Я пыталась навязать версию дома, которая не соответствовала моей реальной жизни. Моим детям было 13 и 14 лет — еще годы до того, как они начнут жить самостоятельно, но достаточно близко, чтобы я начала улавливать пустоту, которую они оставят в моей жизни и нашей квартире. Часть меня тихо готовилась к тому будущему, представляя себе элегантную гостиную, которую я создам, когда ночные репетиции группы и полуночные начос из микроволновки не будут частью повседневного уравнения моего дома. Сломанный диван заставил задаться вопросом: как бы это выглядело — отложить свои амбиции и вместо этого встретить свою семью там, где мы были?
На следующий день я позвонила в компанию по вывозу хлама. Затем я сбегала в Costco за туалетной бумагой и вернулась домой с модульным диваном, который мы с любовью стали называть большая девочка.
Большая девочка нарушает каждый принцип дизайна, который я когда-то считала священным, и поглотила гостиную, которую я так тщательно обустраивала. Полиэстеровая ткань ничего не делает для возвышения нашего жилого пространства. Пуфик выдается так далеко и так широко, что мне пришлось отодвинуть мой любимый плетеный стул West Elm Savannah на два фута назад. Теперь он втиснут в угол комнаты, блокируя мой путь к торшеру — основному источнику освещения в комнате — так что мы смирились с тем, что оставляем лампу включенной все время.

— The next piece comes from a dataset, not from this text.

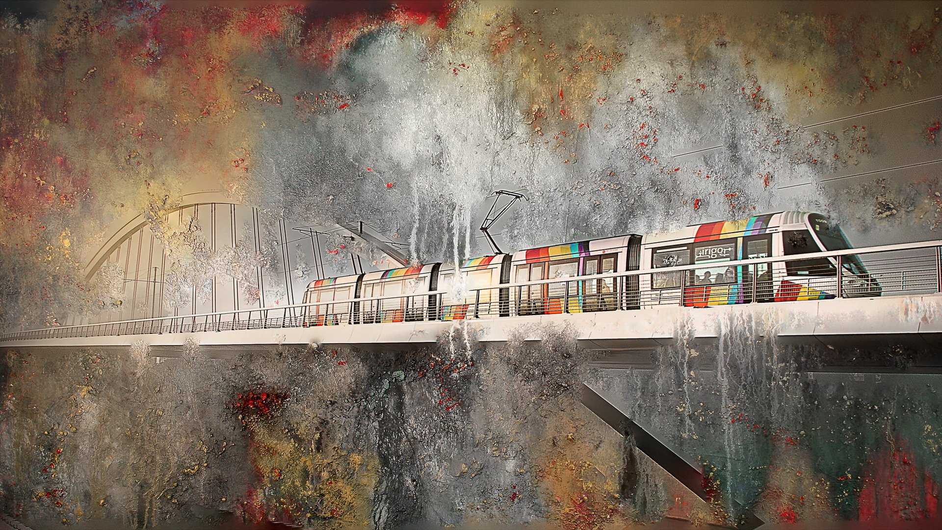 Abstract background of the apocalypse on the bridge with a rainbow train
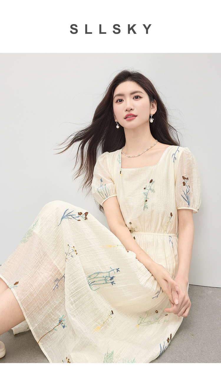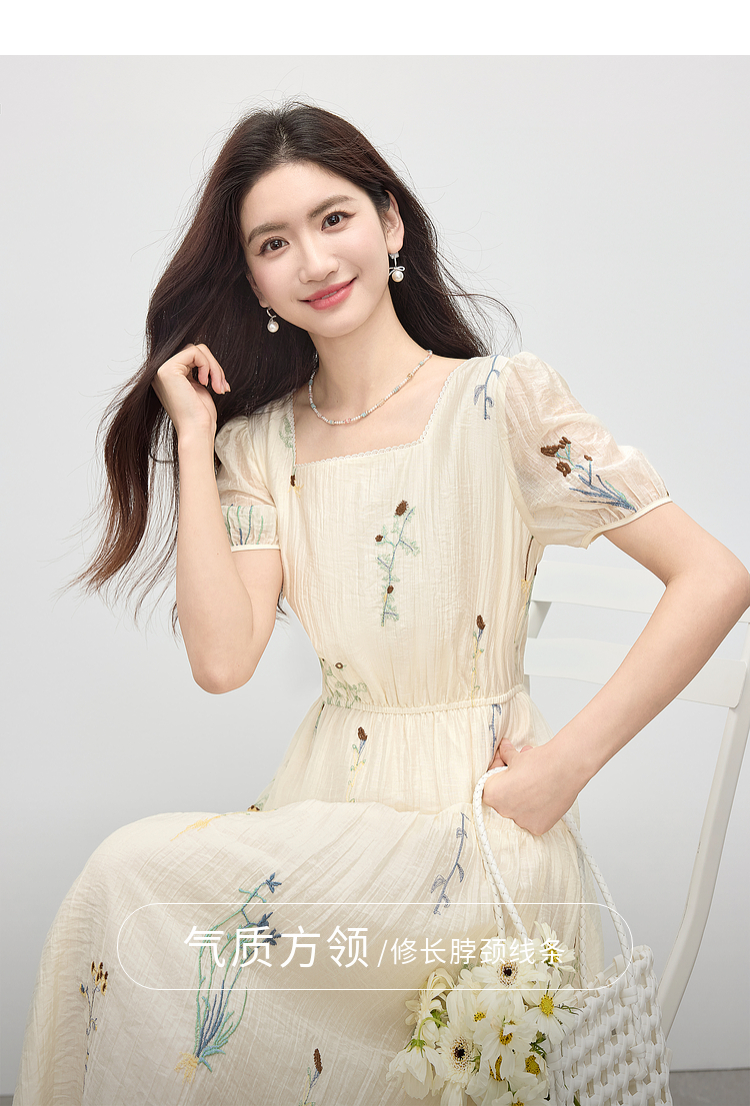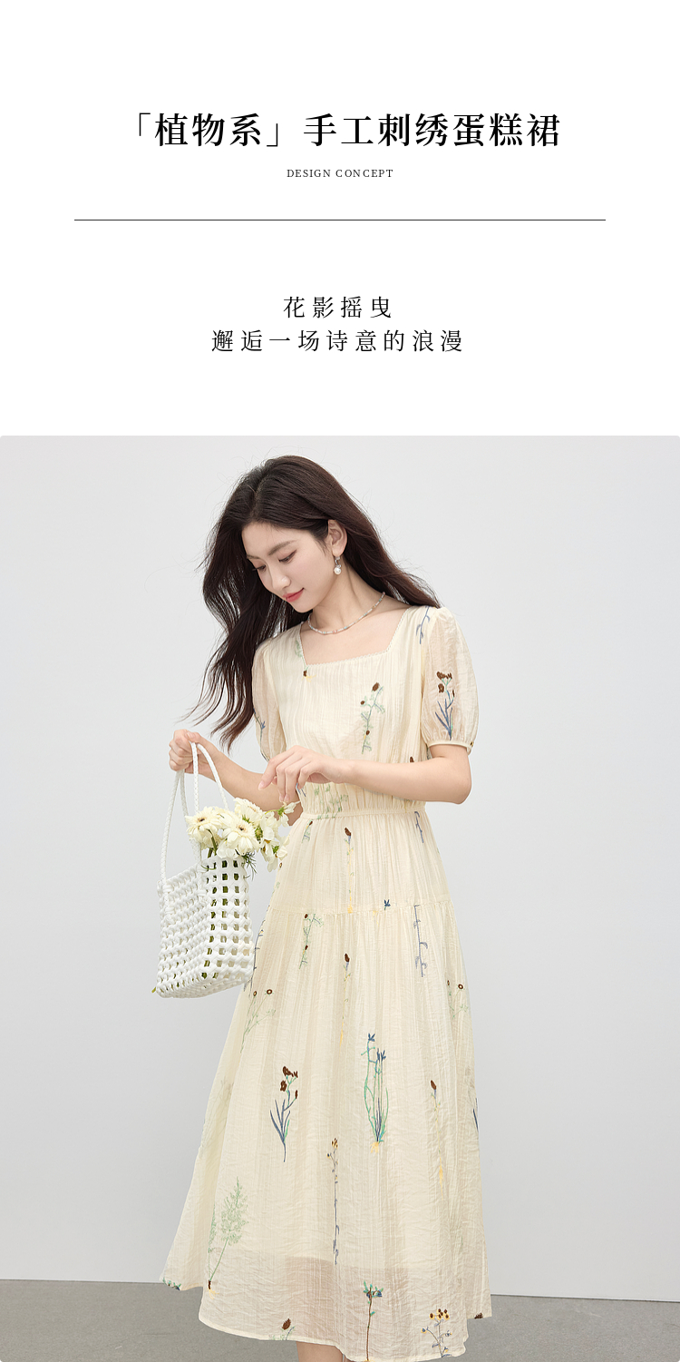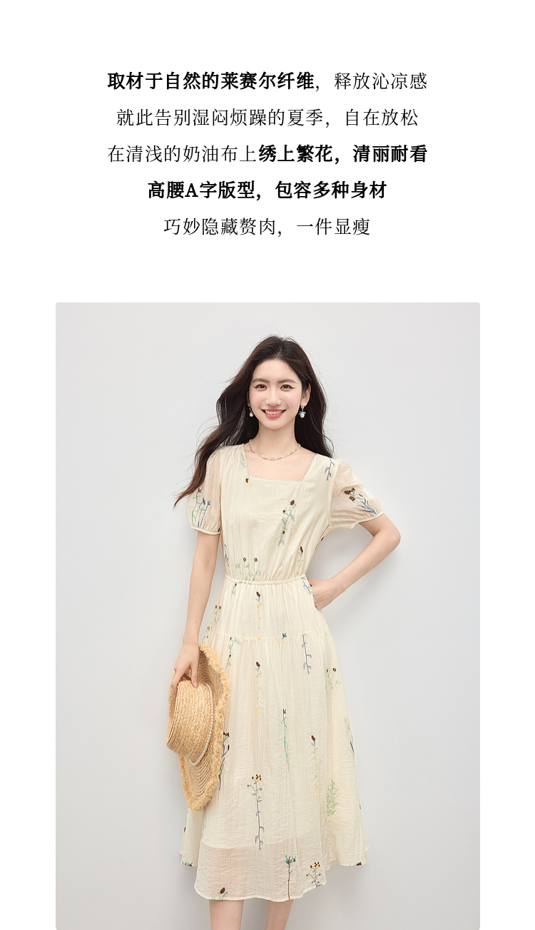 【专属特价】熙世界植物花卉刺绣天丝连衣裙女2025夏日新款法式方领莱赛尔裙子

Мой резной журнальный столик из мангового дерева втиснут в U-образный изгиб секции, потерянный среди серой массы из микрофибры.
Он отказывается от стилизации. Художественно разложенные вручную тканые пледы исчезают в подушках, как подношения домашним мебельным богам, а декоративные подушки не нужны; диван пришел с восемью собственными, и любые дополнительные падают на пол в кувыркающемся поражении. Съемные чехлы, которые можно стирать в машине, отталкивают пролитое вино и последствия пиццы не более чем расстегиванием и быстрой стиркой. Сначала это немного походило на ловушку: я признала поражение и отдала жизнь, которую хотела, складскому дивану.
Но с тех пор, как большая девочка появилась дома, что-то изменилось. Наша гостиная теперь полностью оправдывает свое название. Наша собака помещает всю свою тушу на одну подушку, и я не беспокоюсь о слюнях или шерсти или о том беспорядке, который она тащит за собой. Кошки превратили один угол дивана в абстрактное искусство. Не беда; я меняю разные секции, перемещая более неприглядные в дальний угол. Каждое воскресенье вечером последние пять недель мои подростки и я раскидывались на глубоком сиденье дивана и смотрели «Сладкий зуб» и «Яму». Недавним субботним утром я проснулась и обнаружила свою дочь и двух ее лучших подруг, запутавшихся в одеялах и спящих до полудня, все трое заполнили каждое доступное пространство на диване — но лишь едва-едва.
Этот диван — не диван моей мечты. Это не инвестиционный предмет и не заявление о моем вкусе. Это инструмент для жизни, чисто функциональная сущность. Элегантный, как морской контейнер, он без жалоб поглощает грязные лапы и липкие пальцы.
Есть освобождение в мебели, которая не нуждается в защите. Люди не спрашивают, можно ли им положить ноги. Понятно, что все уже это сделали.